Defending an offense that likes to space the floor should be nothing new for Wisconsin (hello? The Swing?), but the Badgers playing for a national championship on Monday will likely come down to whether or not the veterans on this roster can hit some shots, taking care of the ball and wearing down the Kentucky – there's probably not many teams in the SEC that show the kind of patience that Wisconsin does.

"Our shot selection has been really good," said assistant coach Lamont Paris. "Sometimes it's an early shot. Sometimes it's not an early shot. Guys have done a really good job of recognizing when the best available shot for them at that moment is. Circumstances are factored into that. If we've gone a couple minutes without a bucket, we're probably not going to kick it ahead and shoot a three. Our decision as to when to shoot and what kind of shot we're going to get has been really good."

There are two sides to the debate on how to beat Kentucky. One is to beat the Wildcats in transition, not letting the roster of future pros get set up and comfortable and use their length. The other is to stay patient, make them work and defend deep into the shot clock, hoping to draw them into a mistake. Expect Wisconsin is trend more toward the latter than the former.

"The more situations where a team has to make decisions, the more opportunities for a mistake to be made," said Paris. "We'll try to get them involved in as many of those situations as we can."

Shot fakes have been a key component all season long for Wisconsin, part of the reason why the Badgers have been drawing fouls and upping their points per game.

In 35 games last season, Wisconsin attempted 582 free throws, making only 63.4 percent of its attempts (last in the league and one of the worst in the Ryan era). This season Wisconsin has made 623 free throws (841 attempts), and is shooting 74.1 percent.

Part of the reason Wisconsin is averaging 6.1 more free throw attempts per game this year than a year ago is because it has played more games with a lead, but that comment cheapens the post work and the aggressiveness taken by the group.

"I think this group was going to pretty good offensively no matter what," said associate head coach Greg Gard. "The diversity within it, the maturity that has taken place, the development that's happened with certain individuals that are older … we're not where we are without everybody contributing on the team. Everybody on the team has played an importance piece at one time."

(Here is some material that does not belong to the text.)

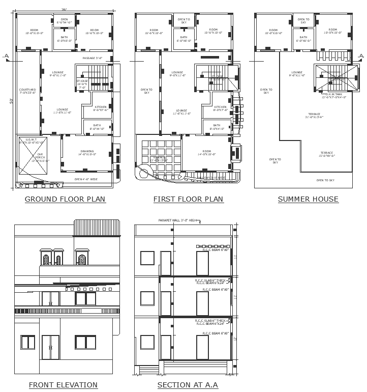 28X50 ft three storey house design detailed floor plan section and elevation DWG autoCAD drawing

A team effort is needed to beat Kentucky, especially if Cauley-Stein makes a remarkable comeback. Kentucky is going to score and they will get rebounds, but the Badgers will have to try to make things as challenging as possible, cut off driving lanes and try to keep Kaminsky out of foul trouble. More importantly, UW will have to stay poised on offense.

I see that happening, despite the bizarre surrounding for a college basketball game. More importantly, I see Wisconsin advancing to the national championship game with a four point win.